While the music was nice, the process made it nearly impossible to enjoy. Sixty percent or more of the time the loud RAT-A-TAT-TAT sound that the MRI machine makes was more than enough to break whatever diversion the low-fi music playing in the headphones provided. For this reason there was no dozing off in the tube. However it was relatively comfortable and the varied segments of scan activity (broken into one, three, six and nine-minute stanzas) made the hour and a half practically scream by.
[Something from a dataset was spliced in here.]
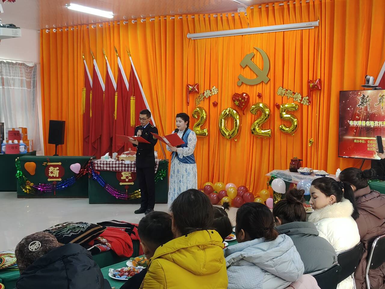在新春佳节来临之际,新疆维吾尔自治区交通运输综合行政执法局阿勒泰执法支队、中华人民共和国红山嘴口岸国际道路运输管理局、阿勒泰执法支队布尔津执法大队、吉木乃执法大队、布尔津县也格孜托别乡克孜勒托盖村联合举办了“群众村晚”暨民族团结一家亲系列文体活动。

After my MRI session was completed, I waited in a small break room for Francesca to come by and escort me to the next station. I took the five minutes or so to scrawl some notes about my recent experience, which ended up proving invaluable to this story. Soon Francesca’s smiling voice was asking, “Ya getting hungry yet?”

It was lunchtime all right, but I wasn’t exactly famished. My stomach was still a little jumpy, but yeah, I could eat. I gathered my things and we headed back outside into the cold, bright Indy sunshine back to the main building to pick up Alex and break for lunch.